** Opening SUPPLIED DATA block **

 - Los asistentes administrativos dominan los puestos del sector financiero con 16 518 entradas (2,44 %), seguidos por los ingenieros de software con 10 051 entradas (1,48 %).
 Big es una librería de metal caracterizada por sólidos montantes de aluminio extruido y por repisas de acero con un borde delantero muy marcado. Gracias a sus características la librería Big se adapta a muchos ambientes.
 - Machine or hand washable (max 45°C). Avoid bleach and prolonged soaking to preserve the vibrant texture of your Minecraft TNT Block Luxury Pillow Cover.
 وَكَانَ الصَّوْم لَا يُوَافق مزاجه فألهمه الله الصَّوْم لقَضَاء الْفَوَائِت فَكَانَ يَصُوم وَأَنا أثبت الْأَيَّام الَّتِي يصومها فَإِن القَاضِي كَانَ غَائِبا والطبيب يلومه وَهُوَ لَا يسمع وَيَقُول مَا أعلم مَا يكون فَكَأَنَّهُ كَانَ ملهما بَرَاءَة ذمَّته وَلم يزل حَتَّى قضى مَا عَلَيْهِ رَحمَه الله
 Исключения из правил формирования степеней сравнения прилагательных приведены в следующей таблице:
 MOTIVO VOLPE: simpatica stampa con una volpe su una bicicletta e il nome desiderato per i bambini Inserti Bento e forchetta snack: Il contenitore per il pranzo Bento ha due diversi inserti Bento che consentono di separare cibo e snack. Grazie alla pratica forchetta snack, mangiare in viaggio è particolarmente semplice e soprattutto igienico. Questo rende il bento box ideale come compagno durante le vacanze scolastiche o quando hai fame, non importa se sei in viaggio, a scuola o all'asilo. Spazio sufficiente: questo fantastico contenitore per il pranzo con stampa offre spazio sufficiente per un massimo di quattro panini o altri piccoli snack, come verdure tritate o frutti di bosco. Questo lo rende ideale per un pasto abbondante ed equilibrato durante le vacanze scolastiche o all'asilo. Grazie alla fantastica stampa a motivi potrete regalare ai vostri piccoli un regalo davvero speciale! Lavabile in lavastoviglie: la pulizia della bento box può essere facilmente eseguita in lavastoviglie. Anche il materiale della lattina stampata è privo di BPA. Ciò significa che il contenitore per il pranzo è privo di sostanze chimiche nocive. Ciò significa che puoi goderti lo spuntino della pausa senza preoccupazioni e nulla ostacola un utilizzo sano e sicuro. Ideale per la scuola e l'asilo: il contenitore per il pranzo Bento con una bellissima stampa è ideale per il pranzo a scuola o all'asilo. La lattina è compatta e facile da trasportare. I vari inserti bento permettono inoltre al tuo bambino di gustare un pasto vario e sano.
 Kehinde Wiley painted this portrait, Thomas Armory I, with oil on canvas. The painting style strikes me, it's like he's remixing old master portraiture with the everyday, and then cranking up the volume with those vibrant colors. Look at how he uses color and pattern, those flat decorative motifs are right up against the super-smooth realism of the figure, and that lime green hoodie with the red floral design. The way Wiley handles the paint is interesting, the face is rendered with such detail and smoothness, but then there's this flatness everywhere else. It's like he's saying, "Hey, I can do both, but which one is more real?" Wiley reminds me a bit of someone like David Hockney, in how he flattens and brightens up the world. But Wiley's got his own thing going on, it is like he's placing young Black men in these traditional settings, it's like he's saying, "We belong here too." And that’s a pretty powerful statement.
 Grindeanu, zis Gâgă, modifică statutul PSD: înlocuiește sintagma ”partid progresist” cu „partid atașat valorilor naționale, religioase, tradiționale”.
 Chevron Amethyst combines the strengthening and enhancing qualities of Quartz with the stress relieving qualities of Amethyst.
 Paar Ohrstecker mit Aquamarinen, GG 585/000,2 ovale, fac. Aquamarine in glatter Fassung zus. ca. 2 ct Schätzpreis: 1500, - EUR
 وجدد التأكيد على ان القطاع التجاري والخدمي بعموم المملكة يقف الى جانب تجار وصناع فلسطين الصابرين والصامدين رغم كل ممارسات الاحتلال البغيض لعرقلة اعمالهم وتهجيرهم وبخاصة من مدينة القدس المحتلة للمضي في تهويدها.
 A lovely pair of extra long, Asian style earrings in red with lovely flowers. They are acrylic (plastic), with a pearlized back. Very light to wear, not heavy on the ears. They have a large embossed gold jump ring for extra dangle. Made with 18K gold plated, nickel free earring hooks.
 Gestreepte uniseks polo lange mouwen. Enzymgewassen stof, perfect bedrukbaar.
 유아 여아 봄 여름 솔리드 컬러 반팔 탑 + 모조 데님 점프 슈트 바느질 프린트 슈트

** Closing SUPPLIED DATA block **

▶ _WHAT YOU ARE ASKED TO DO_
Take the entries above and return only the lines from the one with "وجدد التأكيد على" to the one with "A lovely pair", both included, unchanged.

▶ _EXERCISE RESPONSE_
 وجدد التأكيد على ان القطاع التجاري والخدمي بعموم المملكة يقف الى جانب تجار وصناع فلسطين الصابرين والصامدين رغم كل ممارسات الاحتلال البغيض لعرقلة اعمالهم وتهجيرهم وبخاصة من مدينة القدس المحتلة للمضي في تهويدها.
 A lovely pair of extra long, Asian style earrings in red with lovely flowers. They are acrylic (plastic), with a pearlized back. Very light to wear, not heavy on the ears. They have a large embossed gold jump ring for extra dangle. Made with 18K gold plated, nickel free earring hooks.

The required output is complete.